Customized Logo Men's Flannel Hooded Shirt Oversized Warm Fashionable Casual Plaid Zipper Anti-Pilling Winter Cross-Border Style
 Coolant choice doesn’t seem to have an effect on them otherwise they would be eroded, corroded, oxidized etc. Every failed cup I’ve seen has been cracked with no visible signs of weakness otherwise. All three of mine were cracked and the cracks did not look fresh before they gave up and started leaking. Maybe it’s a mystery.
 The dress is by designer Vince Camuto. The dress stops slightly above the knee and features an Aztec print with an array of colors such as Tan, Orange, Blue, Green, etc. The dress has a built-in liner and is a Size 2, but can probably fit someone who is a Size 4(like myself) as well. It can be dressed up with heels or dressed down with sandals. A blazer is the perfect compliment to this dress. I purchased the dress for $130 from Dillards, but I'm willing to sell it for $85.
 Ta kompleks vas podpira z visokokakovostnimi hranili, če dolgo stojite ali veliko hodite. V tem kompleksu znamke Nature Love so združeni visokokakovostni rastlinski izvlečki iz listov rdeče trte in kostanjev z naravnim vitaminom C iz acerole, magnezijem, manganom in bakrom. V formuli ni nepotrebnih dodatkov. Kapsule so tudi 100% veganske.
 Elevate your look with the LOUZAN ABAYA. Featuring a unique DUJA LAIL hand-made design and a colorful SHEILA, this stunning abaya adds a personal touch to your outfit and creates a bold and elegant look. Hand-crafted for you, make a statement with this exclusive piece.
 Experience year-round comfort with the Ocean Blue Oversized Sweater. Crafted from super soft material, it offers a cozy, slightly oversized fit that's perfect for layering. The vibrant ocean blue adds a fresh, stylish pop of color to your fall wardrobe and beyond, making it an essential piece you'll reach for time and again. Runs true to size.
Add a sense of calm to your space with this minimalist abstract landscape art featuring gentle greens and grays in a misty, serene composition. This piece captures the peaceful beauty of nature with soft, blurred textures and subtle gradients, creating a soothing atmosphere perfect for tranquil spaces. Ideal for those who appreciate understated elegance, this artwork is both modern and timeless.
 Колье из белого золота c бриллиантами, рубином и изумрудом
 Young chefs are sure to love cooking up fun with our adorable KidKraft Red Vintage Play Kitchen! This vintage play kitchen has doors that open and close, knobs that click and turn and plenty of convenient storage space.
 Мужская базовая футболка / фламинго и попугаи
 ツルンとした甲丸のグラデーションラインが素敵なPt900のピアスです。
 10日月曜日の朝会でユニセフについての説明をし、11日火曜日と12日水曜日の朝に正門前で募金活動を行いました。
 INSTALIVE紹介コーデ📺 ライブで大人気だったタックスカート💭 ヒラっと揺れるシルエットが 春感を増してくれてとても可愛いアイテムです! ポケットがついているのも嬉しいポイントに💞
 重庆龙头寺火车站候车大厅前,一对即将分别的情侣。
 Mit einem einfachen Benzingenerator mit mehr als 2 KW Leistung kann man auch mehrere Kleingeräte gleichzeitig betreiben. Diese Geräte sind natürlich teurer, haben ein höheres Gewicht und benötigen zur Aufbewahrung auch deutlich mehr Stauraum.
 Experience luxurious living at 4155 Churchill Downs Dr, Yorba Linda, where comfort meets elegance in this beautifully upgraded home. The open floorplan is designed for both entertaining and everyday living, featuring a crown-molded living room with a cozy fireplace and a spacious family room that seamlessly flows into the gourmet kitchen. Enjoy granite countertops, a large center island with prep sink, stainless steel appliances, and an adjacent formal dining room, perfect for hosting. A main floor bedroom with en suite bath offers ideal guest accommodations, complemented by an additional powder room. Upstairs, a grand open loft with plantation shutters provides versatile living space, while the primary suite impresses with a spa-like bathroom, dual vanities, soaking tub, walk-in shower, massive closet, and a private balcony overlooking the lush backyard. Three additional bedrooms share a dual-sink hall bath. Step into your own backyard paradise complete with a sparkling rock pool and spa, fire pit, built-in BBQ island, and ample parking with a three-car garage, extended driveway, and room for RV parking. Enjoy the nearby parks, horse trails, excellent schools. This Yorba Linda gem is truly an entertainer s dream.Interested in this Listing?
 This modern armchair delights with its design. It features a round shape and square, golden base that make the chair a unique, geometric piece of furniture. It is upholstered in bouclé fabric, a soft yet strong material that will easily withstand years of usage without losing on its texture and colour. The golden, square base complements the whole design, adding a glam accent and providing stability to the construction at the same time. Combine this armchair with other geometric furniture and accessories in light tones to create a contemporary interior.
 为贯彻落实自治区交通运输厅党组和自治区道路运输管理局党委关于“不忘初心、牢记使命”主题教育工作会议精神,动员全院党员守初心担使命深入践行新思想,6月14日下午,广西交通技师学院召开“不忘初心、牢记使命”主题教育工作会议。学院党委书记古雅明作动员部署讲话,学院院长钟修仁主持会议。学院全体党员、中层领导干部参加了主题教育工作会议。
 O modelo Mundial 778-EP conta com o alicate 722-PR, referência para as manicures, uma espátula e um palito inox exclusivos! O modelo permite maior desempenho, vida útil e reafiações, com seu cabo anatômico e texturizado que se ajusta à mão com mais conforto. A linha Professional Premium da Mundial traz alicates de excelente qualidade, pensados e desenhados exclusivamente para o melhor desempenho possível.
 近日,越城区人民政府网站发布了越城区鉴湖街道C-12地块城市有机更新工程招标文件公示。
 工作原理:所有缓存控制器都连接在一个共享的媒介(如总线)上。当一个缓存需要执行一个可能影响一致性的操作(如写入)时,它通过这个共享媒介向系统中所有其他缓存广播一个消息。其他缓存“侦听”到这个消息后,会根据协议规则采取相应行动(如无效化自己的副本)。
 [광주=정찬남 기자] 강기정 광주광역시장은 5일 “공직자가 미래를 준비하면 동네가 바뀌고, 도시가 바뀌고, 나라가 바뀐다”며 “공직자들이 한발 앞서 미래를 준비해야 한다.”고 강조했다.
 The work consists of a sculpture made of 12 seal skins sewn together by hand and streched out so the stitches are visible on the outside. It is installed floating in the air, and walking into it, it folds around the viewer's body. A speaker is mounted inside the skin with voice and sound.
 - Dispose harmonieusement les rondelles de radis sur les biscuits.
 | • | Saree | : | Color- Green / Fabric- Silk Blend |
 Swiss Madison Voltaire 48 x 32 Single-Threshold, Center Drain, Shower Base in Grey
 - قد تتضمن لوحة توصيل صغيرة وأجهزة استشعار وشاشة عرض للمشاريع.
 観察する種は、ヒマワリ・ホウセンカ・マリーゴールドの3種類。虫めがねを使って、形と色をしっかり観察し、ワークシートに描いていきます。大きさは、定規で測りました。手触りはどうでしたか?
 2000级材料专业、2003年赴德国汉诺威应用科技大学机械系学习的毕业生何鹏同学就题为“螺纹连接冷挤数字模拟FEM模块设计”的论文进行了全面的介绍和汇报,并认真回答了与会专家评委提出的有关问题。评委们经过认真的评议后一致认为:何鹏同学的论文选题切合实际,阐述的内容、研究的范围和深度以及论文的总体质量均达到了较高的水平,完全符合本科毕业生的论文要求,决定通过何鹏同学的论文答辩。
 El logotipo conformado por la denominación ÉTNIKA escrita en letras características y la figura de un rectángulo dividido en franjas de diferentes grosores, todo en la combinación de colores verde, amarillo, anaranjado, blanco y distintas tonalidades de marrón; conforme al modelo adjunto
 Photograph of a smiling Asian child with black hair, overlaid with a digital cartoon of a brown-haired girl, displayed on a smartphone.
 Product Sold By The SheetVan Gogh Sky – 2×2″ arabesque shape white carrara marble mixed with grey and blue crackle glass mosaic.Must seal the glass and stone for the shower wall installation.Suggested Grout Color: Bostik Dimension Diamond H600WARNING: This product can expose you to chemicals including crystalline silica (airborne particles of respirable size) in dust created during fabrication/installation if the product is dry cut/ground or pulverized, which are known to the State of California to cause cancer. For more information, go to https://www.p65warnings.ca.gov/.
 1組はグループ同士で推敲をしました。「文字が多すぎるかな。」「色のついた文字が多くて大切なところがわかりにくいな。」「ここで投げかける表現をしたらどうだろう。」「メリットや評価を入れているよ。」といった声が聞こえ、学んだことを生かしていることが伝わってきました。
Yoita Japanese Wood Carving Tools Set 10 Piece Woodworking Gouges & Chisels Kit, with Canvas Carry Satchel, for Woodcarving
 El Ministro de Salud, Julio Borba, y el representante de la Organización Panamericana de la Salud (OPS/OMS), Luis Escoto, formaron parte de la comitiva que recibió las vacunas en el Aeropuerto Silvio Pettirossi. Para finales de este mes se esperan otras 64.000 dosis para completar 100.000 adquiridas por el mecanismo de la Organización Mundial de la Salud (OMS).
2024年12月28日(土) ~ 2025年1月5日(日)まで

+ + + + + + +

As listed above, the lines from the line with "Elevate your look" to the line with "Mit einem einfachen" are to be echoed exactly, with both ends included and nothing added.

_Output of the task:_
 Elevate your look with the LOUZAN ABAYA. Featuring a unique DUJA LAIL hand-made design and a colorful SHEILA, this stunning abaya adds a personal touch to your outfit and creates a bold and elegant look. Hand-crafted for you, make a statement with this exclusive piece.
 Experience year-round comfort with the Ocean Blue Oversized Sweater. Crafted from super soft material, it offers a cozy, slightly oversized fit that's perfect for layering. The vibrant ocean blue adds a fresh, stylish pop of color to your fall wardrobe and beyond, making it an essential piece you'll reach for time and again. Runs true to size.
Add a sense of calm to your space with this minimalist abstract landscape art featuring gentle greens and grays in a misty, serene composition. This piece captures the peaceful beauty of nature with soft, blurred textures and subtle gradients, creating a soothing atmosphere perfect for tranquil spaces. Ideal for those who appreciate understated elegance, this artwork is both modern and timeless.
 Колье из белого золота c бриллиантами, рубином и изумрудом
 Young chefs are sure to love cooking up fun with our adorable KidKraft Red Vintage Play Kitchen! This vintage play kitchen has doors that open and close, knobs that click and turn and plenty of convenient storage space.
 Мужская базовая футболка / фламинго и попугаи
 ツルンとした甲丸のグラデーションラインが素敵なPt900のピアスです。
 10日月曜日の朝会でユニセフについての説明をし、11日火曜日と12日水曜日の朝に正門前で募金活動を行いました。
 INSTALIVE紹介コーデ📺 ライブで大人気だったタックスカート💭 ヒラっと揺れるシルエットが 春感を増してくれてとても可愛いアイテムです! ポケットがついているのも嬉しいポイントに💞
 重庆龙头寺火车站候车大厅前,一对即将分别的情侣。
 Mit einem einfachen Benzingenerator mit mehr als 2 KW Leistung kann man auch mehrere Kleingeräte gleichzeitig betreiben. Diese Geräte sind natürlich teurer, haben ein höheres Gewicht und benötigen zur Aufbewahrung auch deutlich mehr Stauraum.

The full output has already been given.